Did something go boom?


----------



## Bigfoot (Jun 25, 2007)

some one will go BOOM tomorrow....


----------



## Itsme-Speedy-G (Aug 20, 2007)

I can't wait to see the damage.!!


----------



## jitzy (Jan 7, 2007)

deuce don't trust him these hits are for you to let your gaurd down stay ready and sharp


----------



## Bigfoot (Jun 25, 2007)

tomorrow will be good times....LOL


----------



## Sea Jay (Jan 28, 2008)

I like the cigar leaning up on the box...


----------



## texasmatt (Feb 25, 2008)

Bigfoot said:


> tomorrow will be good times....LOL


Haha I'm anxious to see who gets hit!

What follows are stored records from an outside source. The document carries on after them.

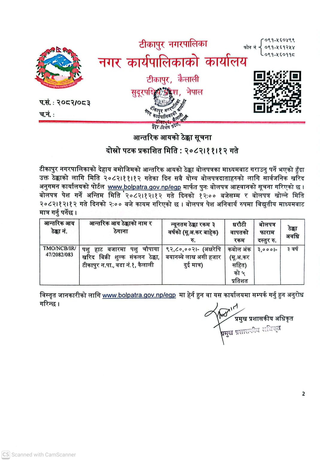 » आन्तरिक आय ठेक्काको पुनःबोलपत्र आह्वान सम्बन्धी सूचना।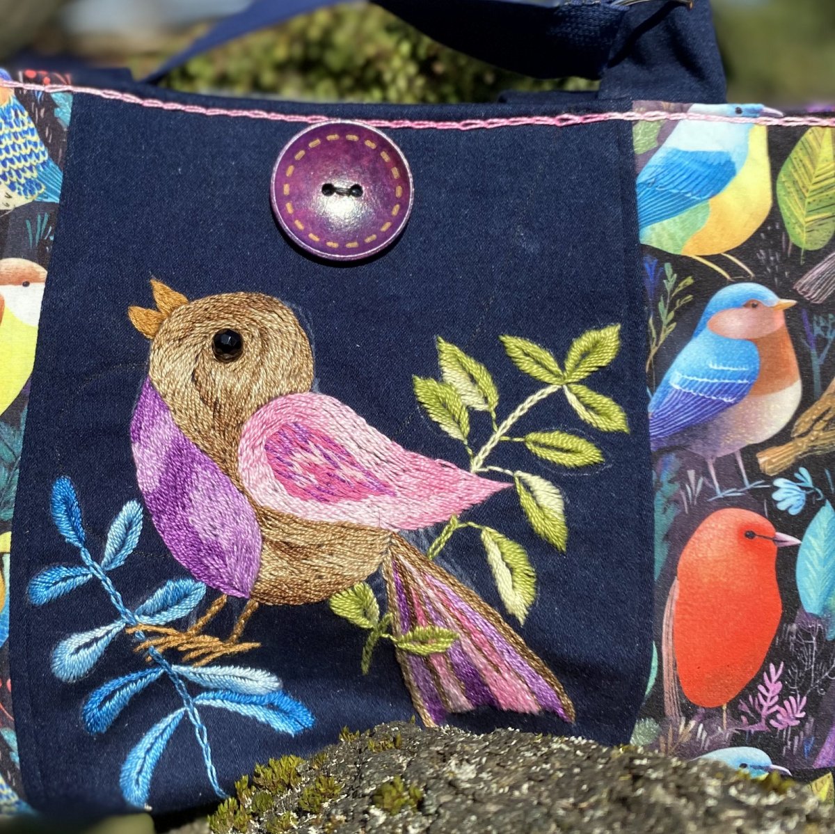 Střed předního dílu je ručně vyšívaný , motiv výšivky využil stylizovaně vzor na látce, ze které je kabela ušitá. Výšivka je na džínové látce.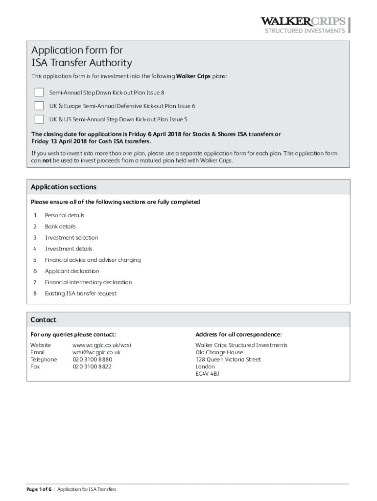 Application form for ISA Transfer Authority This application form is for investment into the following Walker Crops plans: Semiannual Step Down Sickout Plan Issue 8 UK & Europe Semiannual Defensive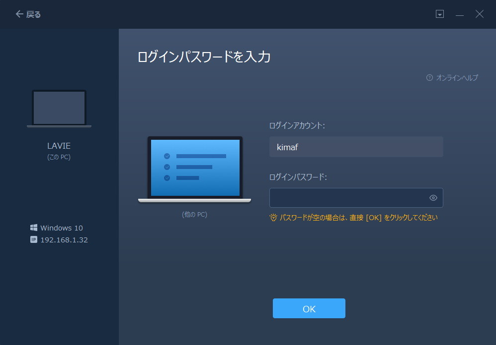 やり方は簡単で、転送元と転送先のPCでPCTransを起動しておき、同じネットワーク内にいる場合は「PCからPCへ」をクリックし、あとは自動で接続先のPCを瞬時に検索して表示してくれるので、移行先のPCを選べばよい。そのあとは、移行先のPCに設定されているパスワードを入力すれば接続完了。「このPCから他のPCへ転送する」を選べば、ドライブ内のデータをPCTransが検索して自動的に転送してくれる。新しいPCを買ったときなど、前の環境を移行するのは、手動でやるとするとかなり面倒くさい作業なのだが、PCTransを使えば数クリックで終わるので、とても簡単だ。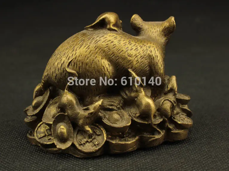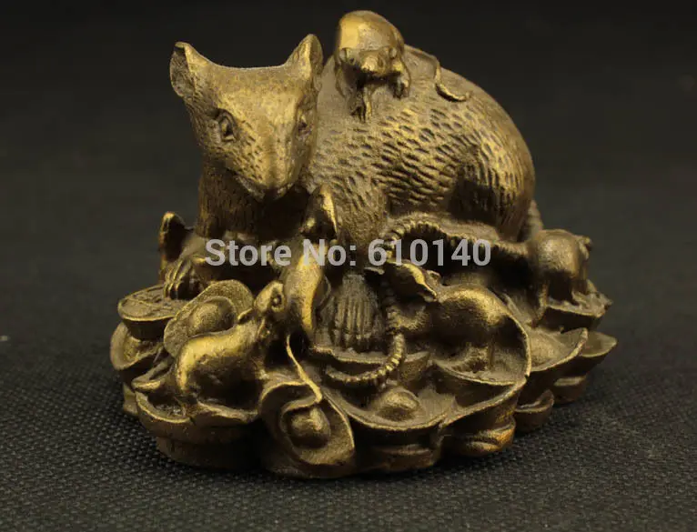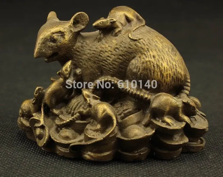 TOP RARE OLD CHINESE COPPER BRASS MOUSE RAT FAMILY LUCKY Statue

North of Mckinney is a big area.


----------



## tobacmon (May 17, 2007)

The Monte looks tasty---Ut Ohhhhhhhhhhh---North you say?/????/??/


----------



## elmomac (Jan 6, 2008)

Bigfoot said:


> if you live south of the Mason Dixon line, your safe...hahahahaha


Dude you need to check your geography again. Both the hits I have seen are south and west of the Mason Dixon line. Unless your talking about a No.3 hit then I would guess some New Yorker is in the crosshairs.


----------



## slimm-cl (Apr 7, 2008)

Ok...now this is just overkill! Have you no mercy!


----------